After an agonizing, two-month review of his performance, Toronto Maple Leafs coach Mike Murphy was finally fired Tuesday.
"We did some good things, but in the end we didn't make it," Leafs president and general manager Ken Dryden said. "We have to get better."
Dryden said he hopes to have a coach in place for Saturday's draft, but wouldn't discuss specific names.
Pat Quinn was seen as a top candidate after meeting with Dryden over the weekend, but was noncommital when reached at his home in Vancouver on Tuesday.
"I don't think I can verify anything for you," Quinn said.

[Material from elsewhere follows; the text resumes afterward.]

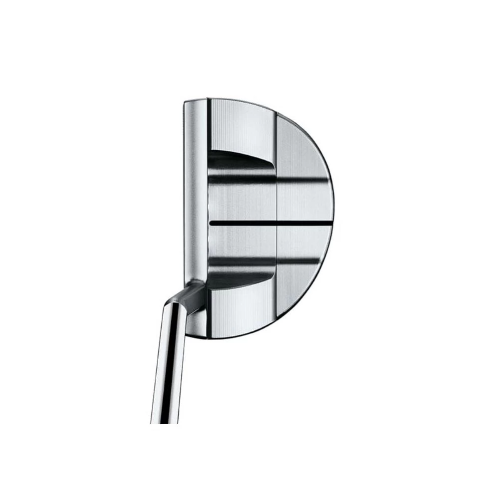 Created specifically to offer the same sleek, classic shapes preferred by touring professionals, each Special Select model has been designed and milled in the USA to the same exacting performance specifications demanded by our game’s greatest players. Curvy mid-mallet with a thinner topline and innovative new slantback neck promotes maximum toe flow with a 6061 aluminium sole plate and MOI-enhancing stainless steel sole weights. PERFORMANCE-BALANCED WEIGHTING New performance balanced weighting expands on Scotty’s use of customisable sole weights to tune putter performance and feel at all lengths by incorporating tungsten for the blades and stainless steel for the mid-mallets to produce larger sweet spots and enhance stability. SOLID MILLED STAINLESS STEEL CONSTRUCTION Returning to the roots of sound and feel, each Special Select model has been designed and milled in the United States from a block of solid 303 stainless steel for legendary performance and playability with consistent sound and soft feel. NEW PISTOLINI PLUS GRIP Each Special Select putter is accessorised with Scotty’s new Pistolini Plus grip that marries the Pistolini shape with a slightly built up lower hand profile for feel and performance. STREAMLINED PROFILES & TOPLINES With an over-arching attention to creating Tour-preferred sleeker profiles, as well as slightly thinner and flatter toplines, Special Select putters maintain traditional overall headweight, yet display notable refinements in face height, neck position, hosel depth, corner radius shaping, flange thickness and sole weight technology to sit better, sound better and perform better. SOFT TRI-SOLE DESIGN Long favoured by touring professionals for its utility when setting up to putt, Scotty incorporated into the blades his soft tri-sole design, which provides a self-soling feature at address for proper setup and an aesthetically pleasing view of the topline from the moment the putter is placed on the green. Specification MODEL RH/LH LENGTHS LOFT LIE NECK TOE FLOW OFFSET STOCK GRIP FLOWBACK 5.5 RH 33″, 34″, 35″ 3.5° 70° Slantback Near Maximum 3/4 Shaft Pistolini Plus

Dryden said he had met with Quinn, but said nothing had been finalized in terms of a replacement for Murphy.
Dryden has also talked to Terry Murray, who was hired by the Florida Panthers last weekend, and considered former Colorado coach Marc Crawford. The steep compensation due to the Avalanche -- a first-round draft choice and cash from a successful team -- cooled the Leafs' interest in him.
"I never thought this would happen until this morning when I talked to Ken," Murphy said during his own news conference Tuesday. "I always thought there would be light at the end of the tunnel. That's one of the reasons I didn't say anything. I didn't want to hurt my chances of coming back."
Murphy, who had one year remaining on his contract, acknowledged the protracted review was trying. "It's been a difficult time for the last four weeks and I'm kind of glad its over."
He had kind words for Dryden.
"I think Ken Dryden is a very fair and very nice man. I like Ken Dryden. He really cares, he wants to make the Leafs better."
"I hope the team gets a lot better, and quickly."
He said he has no jobs lined up, and admitted some opportunities have passed him by while the uncertainty over his status lingered.
| 1997-98 NHL coaching changes |
He described the Leafs as a hardworking team in need of more first-line players.
"More young players are needed and more better players are needed. When those holes are filled, this will be a pretty good team."
Murphy, 47, didn't get the Leafs into the playoffs in either of his two seasons in charge. His team was 30-43-9 in 1997-98 and 30-44-8 in 1996-97.
Dryden said Murphy was hard-working and dedicated and said he enjoyed working with him.
"I do regret how this vigil played itself out for Mike and for his family," Dryden said. "I wanted to see who else might be available. That really is what has been going on for the last six, eight weeks or so."
Murphy was an assistant with the Leafs from 1991 to 1994 and with the New York Rangers in 1995 and 1996. He was named coach of the Leafs on July 3, 1996.